### Assignment
Starting at the top line and ending at the bottom one, repeat the entries exactly and drop every picture.
-- Information provided follows --
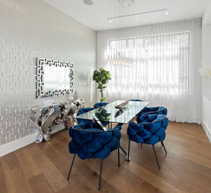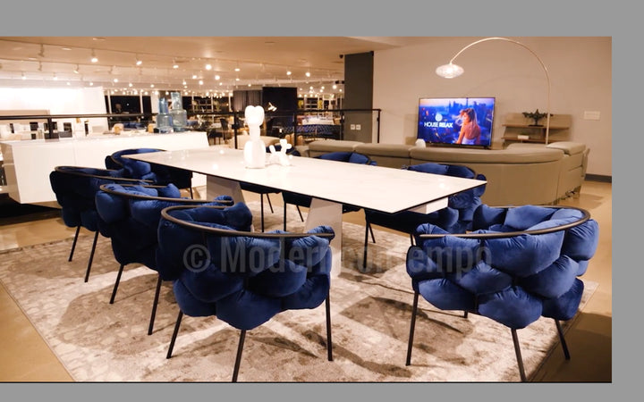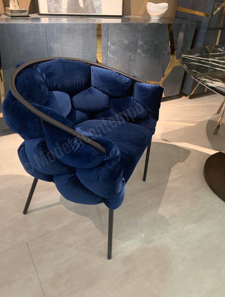 The best designs can take ordinary materials and bring out a visual flair. This is true with the Cinzia Dining Chair, which uses a typical black coated-finish tubular frame chair design and adds both comfort and style with its interlocking hexagonal-cut padded blue velour fabric on its inside and outside back and arms. That blue velour is also used for the nicely padded seat cushion. This dining chair comes fully assembled.
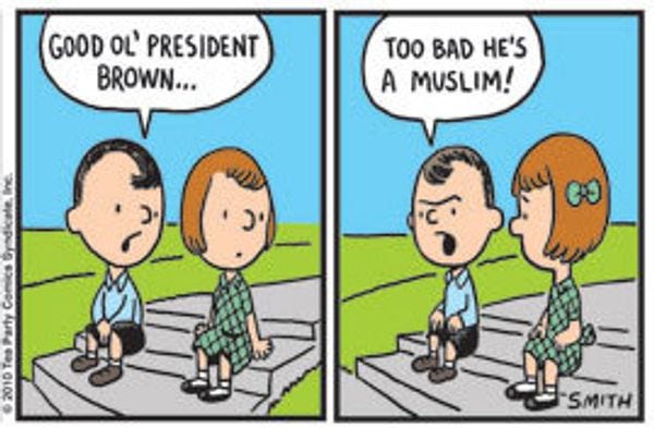 Here is a thought experiment that requires a number of unlikely assumptions. What if Tea Party people had any artistic abilities, instead of being perhaps the most artistically challenged people in History? What if lots of Americans still got a Sunday newspaper and enjoyed a collection of witty, well-drawn comics such asPeanutsandCalvin & HobbesandThe Far Side? And what if, somehow, the Tea Party people took over the comics syndicates and filled America's beloved Sunday Funnies with a bunch of ham-handed racist troglodyte fringe-right idiot nonsense?
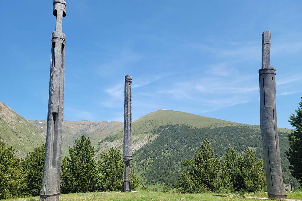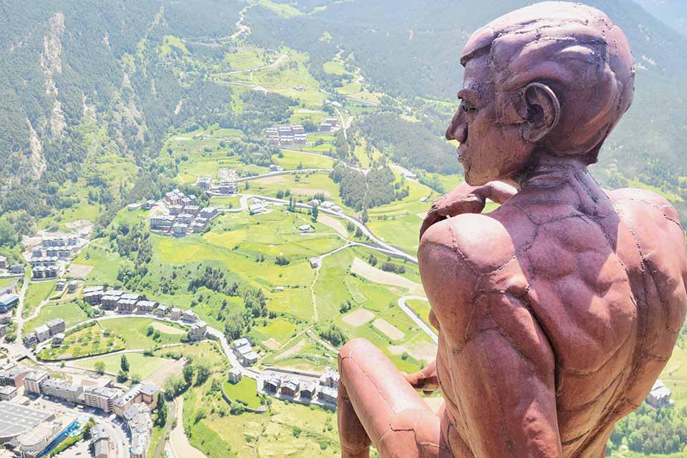 Autre shoot d’adrénaline au Roc el Quer. Quand on est à Canillo et qu’on lève les yeux vers les sommets, on aperçoit un promontoire que défie le vide. Il s’agit du « Roc el Quer« , construit en 2016, au col d’Ordino. On y accède après une courte marche. Elle commence par un ensemble sculptural de trois totems symboles de la « volonté de l’homme face à l’immensité de la montagne ». D’abord, un premier belvédère permet d’observer la vallée. Ensuite, un promontoire*s’élance au-dessus du vide. 500 mètres de gaz sous ses pieds ! La vue est époustouflante. Devant soi, Canillo et les montagnes. De l’autre côté de la route l’Andorre. Une étrange statue, due à l’artiste Miguel Ángel González, borde la passerelle. Un penseur calme et réfléchi, assis sur une poutre, indifférent à l’altitude.
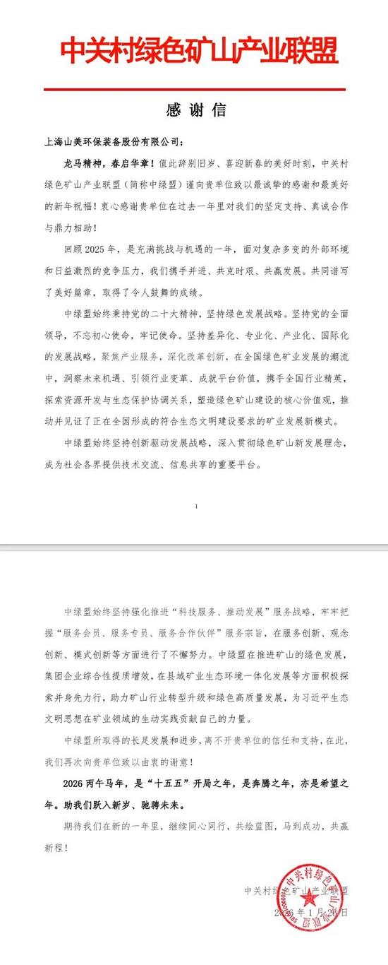 近日,上海山美環(huán)保裝備股份有限公司收到來(lái)自中關(guān)村綠色礦山產(chǎn)業(yè)聯(lián)盟(以下簡(jiǎn)稱“中綠盟”)的感謝信,表達(dá)對(duì)過(guò)去一年中雙方真誠(chéng)合作、鼎力支持的誠(chéng)摯謝意,并送上新春的美好祝福。
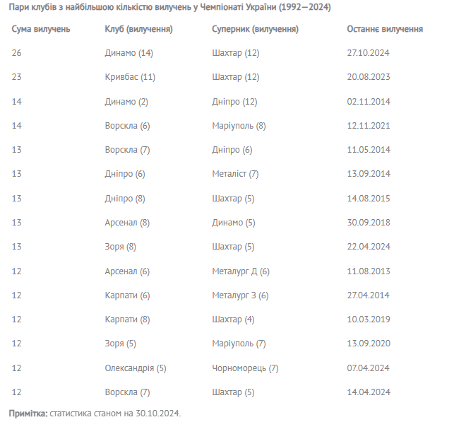 В 11-му турі в ході поєдинку «Динамо» та «Шахтаря» було показано червону картку півзахиснику донецького клубу Дмитру Криськіву. Загалом кількість вилучень в українському Чемпіонаті в поєдинках грандів «Шахтаря» та «Динамо» збільшилася до рекордного показника — 26: у донецького клубу — 12, київського — 14.
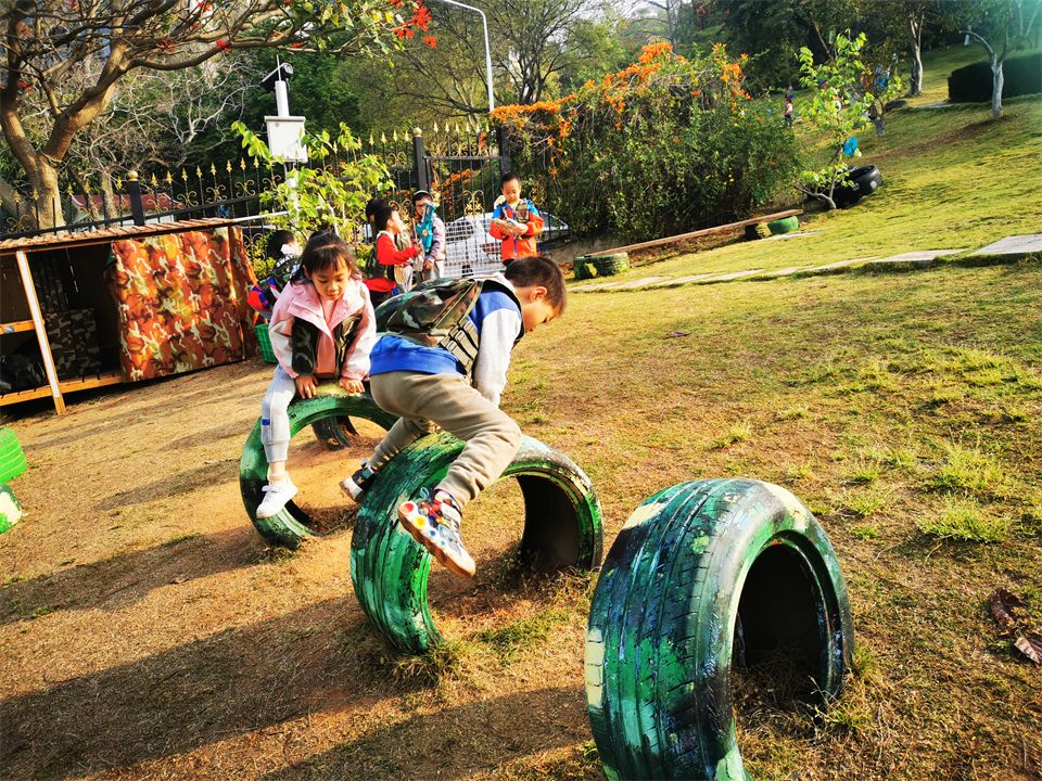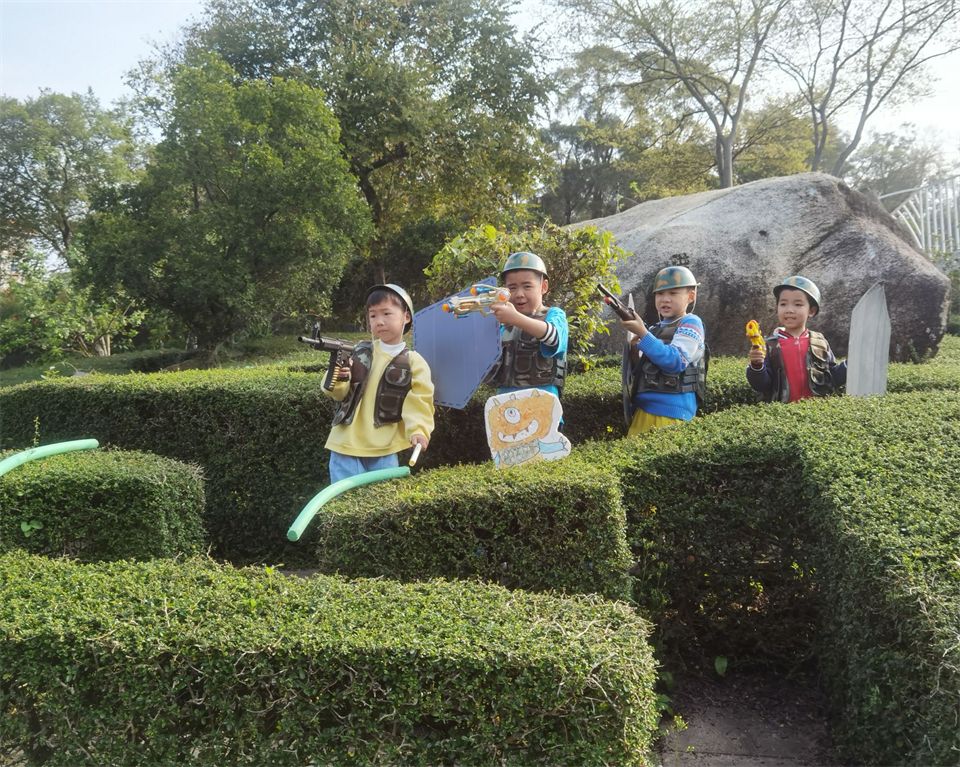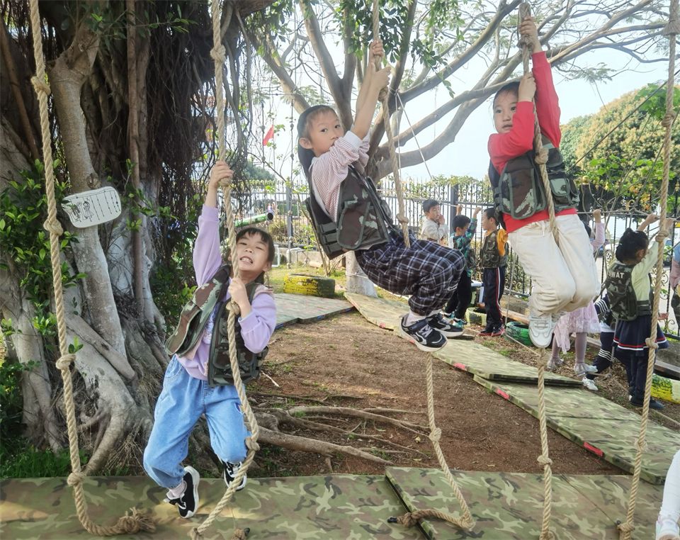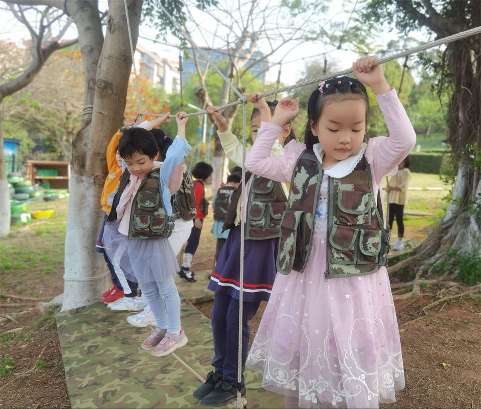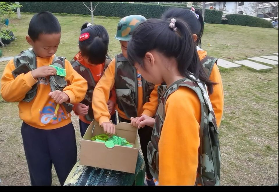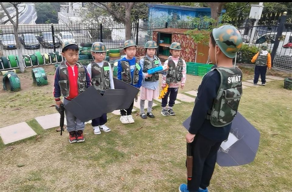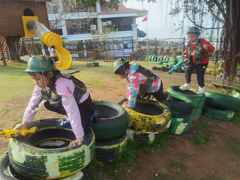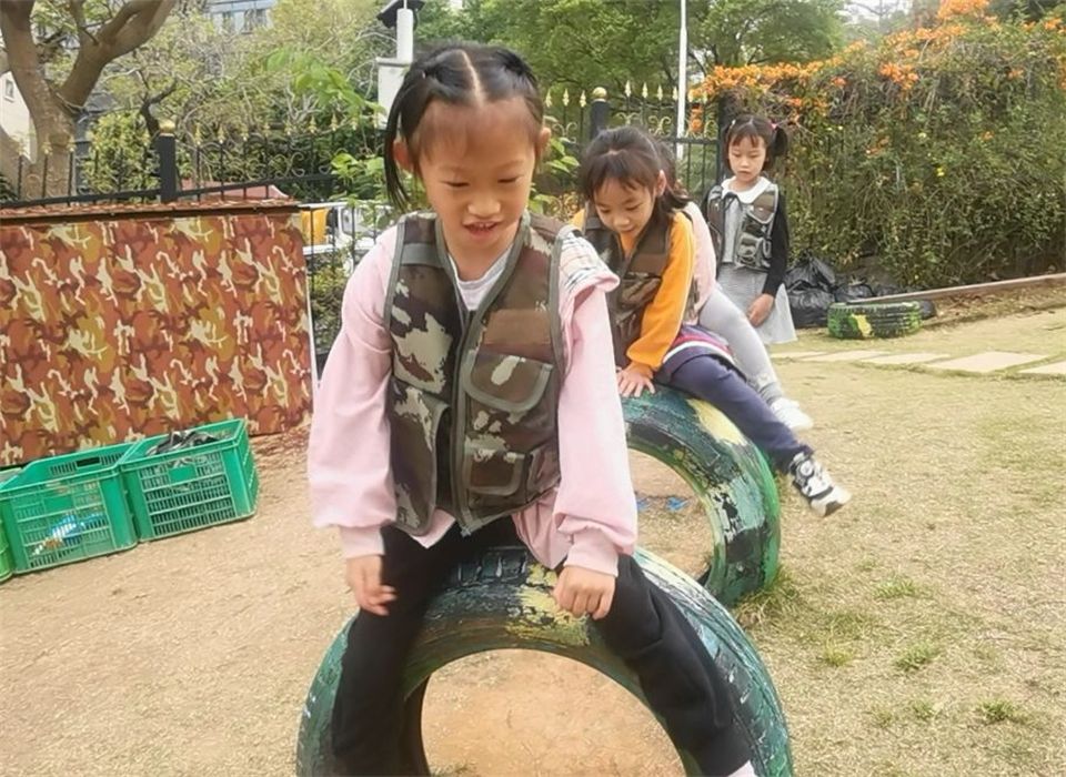 看!戴上钢盔,穿上防弹衣,手握钢枪,一切准备就绪,小队长带着自己的小兵出发拉练啦。韬韬队长一边带着队员寻找合适的路线,一边不忘提醒小伙伴:“大家要小心,不要掉下去啦!”“杉杉你踩着轮胎这里,比较安全哦。”小兵们一个接着一个小心翼翼地踩在轮胎上,走过荡荡桥,检查着大炮。雅雅队长者带着队员跳过石板路,爬过轮胎山、钻过小洞,拉练训练正在紧张而有序地进行着。
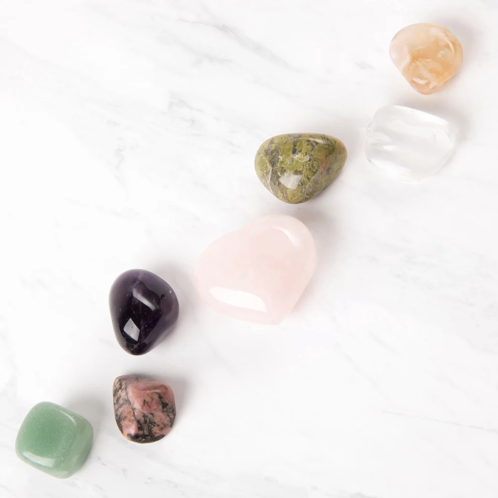 Zestaw Love Crystal Set to starannie dobrana kompozycja siedmiu polerowanych kamieni, których energia sprzyja budowaniu wewnętrznej harmonii oraz pogłębianiu kontaktu z miłością – zarówno do siebie, jak i do otaczającego świata. Każdy z kryształów wyróżnia się własną częstotliwością i właściwościami, które wspierają emocjonalną równowagę, intuicję oraz spokój ducha. Ametyst pomaga wyciszyć umysł i pogłębia wgląd duchowy, podczas gdy agat sakura wzmacnia poczucie własnej mocy i rozwija intuicję. Zielony awenturyn sprzyja uzdrawianiu serca i przyciąganiu szczęścia, a różowy kwarc wspiera proces emocjonalnego otwarcia i budowania zaufania. Kryształ górski oczyszcza energię i wzmacnia intencje, natomiast unakit pogłębia empatię i wspólnotową więź. Całość uzupełnia rodonit, który równoważy emocje i wprowadza więcej radości do codzienności. Zestaw jest doskonałym narzędziem dla osób medytujących, praktykujących holistyczną pracę z energią lub szukających estetycznego, naturalnego akcentu do domowej przestrzeni.
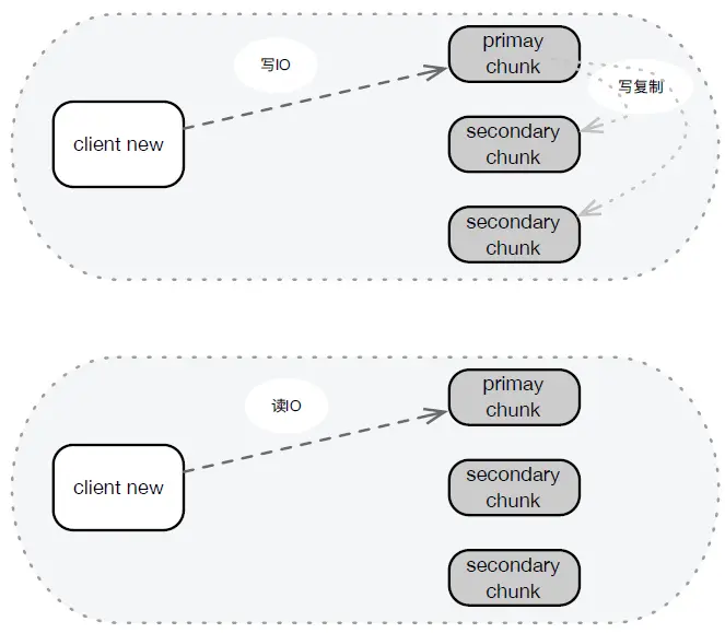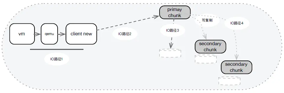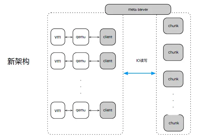 而新架构中,路由获取交给了Client,IO读写Client可直接访问存储Chunk层,写三份复制也交给了Chunk。整个IO路径变成了2层,一层是宿主Client侧, 另一层存储Chunk层。
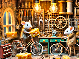 92. A bicycle repair shop run entirely by mice, with tiny tools and spare parts organized on matchbox shelves, cheese wheels as new tires, and string spools as work benches, all lit by firefly lanterns
-- Information provided concluded --
### Solution to this task
 The best designs can take ordinary materials and bring out a visual flair. This is true with the Cinzia Dining Chair, which uses a typical black coated-finish tubular frame chair design and adds both comfort and style with its interlocking hexagonal-cut padded blue velour fabric on its inside and outside back and arms. That blue velour is also used for the nicely padded seat cushion. This dining chair comes fully assembled.
 Here is a thought experiment that requires a number of unlikely assumptions. What if Tea Party people had any artistic abilities, instead of being perhaps the most artistically challenged people in History? What if lots of Americans still got a Sunday newspaper and enjoyed a collection of witty, well-drawn comics such asPeanutsandCalvin & HobbesandThe Far Side? And what if, somehow, the Tea Party people took over the comics syndicates and filled America's beloved Sunday Funnies with a bunch of ham-handed racist troglodyte fringe-right idiot nonsense?
 Autre shoot d’adrénaline au Roc el Quer. Quand on est à Canillo et qu’on lève les yeux vers les sommets, on aperçoit un promontoire que défie le vide. Il s’agit du « Roc el Quer« , construit en 2016, au col d’Ordino. On y accède après une courte marche. Elle commence par un ensemble sculptural de trois totems symboles de la « volonté de l’homme face à l’immensité de la montagne ». D’abord, un premier belvédère permet d’observer la vallée. Ensuite, un promontoire*s’élance au-dessus du vide. 500 mètres de gaz sous ses pieds ! La vue est époustouflante. Devant soi, Canillo et les montagnes. De l’autre côté de la route l’Andorre. Une étrange statue, due à l’artiste Miguel Ángel González, borde la passerelle. Un penseur calme et réfléchi, assis sur une poutre, indifférent à l’altitude.
 近日,上海山美環(huán)保裝備股份有限公司收到來(lái)自中關(guān)村綠色礦山產(chǎn)業(yè)聯(lián)盟(以下簡(jiǎn)稱“中綠盟”)的感謝信,表達(dá)對(duì)過(guò)去一年中雙方真誠(chéng)合作、鼎力支持的誠(chéng)摯謝意,并送上新春的美好祝福。
 В 11-му турі в ході поєдинку «Динамо» та «Шахтаря» було показано червону картку півзахиснику донецького клубу Дмитру Криськіву. Загалом кількість вилучень в українському Чемпіонаті в поєдинках грандів «Шахтаря» та «Динамо» збільшилася до рекордного показника — 26: у донецького клубу — 12, київського — 14.
 看!戴上钢盔,穿上防弹衣,手握钢枪,一切准备就绪,小队长带着自己的小兵出发拉练啦。韬韬队长一边带着队员寻找合适的路线,一边不忘提醒小伙伴:“大家要小心,不要掉下去啦!”“杉杉你踩着轮胎这里,比较安全哦。”小兵们一个接着一个小心翼翼地踩在轮胎上,走过荡荡桥,检查着大炮。雅雅队长者带着队员跳过石板路,爬过轮胎山、钻过小洞,拉练训练正在紧张而有序地进行着。
 Zestaw Love Crystal Set to starannie dobrana kompozycja siedmiu polerowanych kamieni, których energia sprzyja budowaniu wewnętrznej harmonii oraz pogłębianiu kontaktu z miłością – zarówno do siebie, jak i do otaczającego świata. Każdy z kryształów wyróżnia się własną częstotliwością i właściwościami, które wspierają emocjonalną równowagę, intuicję oraz spokój ducha. Ametyst pomaga wyciszyć umysł i pogłębia wgląd duchowy, podczas gdy agat sakura wzmacnia poczucie własnej mocy i rozwija intuicję. Zielony awenturyn sprzyja uzdrawianiu serca i przyciąganiu szczęścia, a różowy kwarc wspiera proces emocjonalnego otwarcia i budowania zaufania. Kryształ górski oczyszcza energię i wzmacnia intencje, natomiast unakit pogłębia empatię i wspólnotową więź. Całość uzupełnia rodonit, który równoważy emocje i wprowadza więcej radości do codzienności. Zestaw jest doskonałym narzędziem dla osób medytujących, praktykujących holistyczną pracę z energią lub szukających estetycznego, naturalnego akcentu do domowej przestrzeni.
 而新架构中,路由获取交给了Client,IO读写Client可直接访问存储Chunk层,写三份复制也交给了Chunk。整个IO路径变成了2层,一层是宿主Client侧, 另一层存储Chunk层。
 92. A bicycle repair shop run entirely by mice, with tiny tools and spare parts organized on matchbox shelves, cheese wheels as new tires, and string spools as work benches, all lit by firefly lanterns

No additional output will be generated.